Wireless power transmission (WPT) is a technology that transmits electrical energy from source to load for a distance wirelessly. It is a continuous technological development, revolutionizing wireless charging and electric vehicle radios [1,2,3,4,5,6,7,8,9,10,11,12]. WPT can also be applied to various other applications, such as radio frequency (RF) identification, wireless buildings, codeless switches, batteryless sensors, and wirelessly powered drug release systems [2]. It converts electrical energy into an electromagnetic wave by converting electrical energy into an RF signal. This radio transmission technology is divided into two types: Short-distance transmission technology using magnetic fields and long-distance transmission technology using an antenna [10,13]. Most wireless power transmission technologies currently being developed are short-distance using magnetic fields [5,9].

In connection with this technology, different concepts have been proposed, which can be classified into two methods: The magnetic induction method (MIM) and the magnetic resonance method (MRM) [1,3,4,6,8,14,15,16]. The MIM transmits electric power using a magnetic field induced in a coil [8,14]. The concept of the MIM is that most of the magnetic field generated from the current flowing through the primary coil flows through the secondary coil, inducing current flows through the secondary coil to supply energy to the load. Such an energy transfer method is similar to the operation principle of a conventional transformer. The characteristic of the MIM is that the inherent resonance frequency of each coil differs from the transmission frequency that carries actual energy. This makes it possible to miniaturize the coil, but it also has the disadvantage that the distance, which can be transmitted, decreases as the size of the coil decreases. Presently, the MIM is applied for the wireless charging of portable devices and is also used for the wireless charging of some electric vehicles [8,14]. The MRM transfers energy using the resonance phenomenon between coils [1,3,4,6,14,15,16]. The MRM is similar to the MIM in that the magnetic fields generated from the current flowing through the primary coil pass through the secondary coil to induce the induction current, but the resonance frequency of the primary coil and the resonance frequency of the secondary coil are the same. The energy generated in the primary coil is transferred to the secondary coil through resonance mode energy coupling between the coils. The resonance frequency and the energy transmission frequency of each coil should be equal. Compared to the MIM, the MRM is advantageous in terms of the transmission distance as a result of the high-quality factor (Q) of the resonator. However, in order to ensure high Q, the size of each coil must be large compared to the MIM systems. Such a MRM can be applied to various fields, compared to the MIM [14,15,16].

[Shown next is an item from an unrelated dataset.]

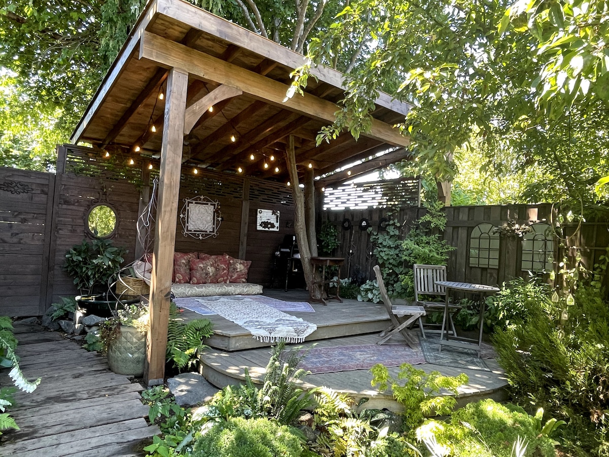Cute, clean and cozy! We are dedicated superhosts who live on the property. The suite is totally private with no shared walls or bathrooms. The bathroom is a separate space with a washer and dryer. The suite is totally set up: board games, puzzles, a lending library, and an extensive DVD selection. Fast WIFI and an array of snack and drink options for when you arrive! The private patio is perfect for enjoying a cup of coffee or letting pups play. We can't wait to host you!

All the main power equipment used today is powered through sockets and plugs. As a result, there are many problems to overcome to power all mobile devices. Power supplies such as a trolley bars are now available and devices such as carrier-like vehicles are generally a common way to supply power [17]. The transfer method using the sliding contact can cause serious problems in areas requiring a clean environment such as semiconductor factories due to wear and tear, as well as dirt, which contains metal, copper, and lead components.

To solve these problems, a non-contact power (NCP) supply has been developed, which is a method of transmitting electrical energy using magnetic induction phenomena without direct electrical or physical contact. This contactless power supply uses mechanical contactless magnetic coupling to transfer power to a load, eliminating the risk of electric shock in wet and dangerous environments, which enables safe power supplies in a clean environment. Especially, in recent years, the electric energy-based wirelessly powered transfer cart (we hereafter call it “transfer cart”) has been applied to carry an object or a person for a precise manufacturing production in clean environments (including semiconductors or pharmaceuticals) and applications in a small space-constrained workshop [18]. In such a case, a magnetic levitation transfer cart is used to reduce the occurrence of dust. As the magnetic levitation feeder moves without direct contact with the rail without wheels, there is little frictional resistance, which results in very low noise and vibration, and high speed at low power. The power supply of such a transfer cart is generally used in a non-contact manner. That is, the transfer cart includes a power-receiving module provided with a pickup coil, and the power-receiving module is supplied with power in a magnetic induction manner through a high-frequency feed line installed along a moving section of the transfer cart. Therefore, WPT can be considered as an essential technology for various industrial applications [2,5,9,19].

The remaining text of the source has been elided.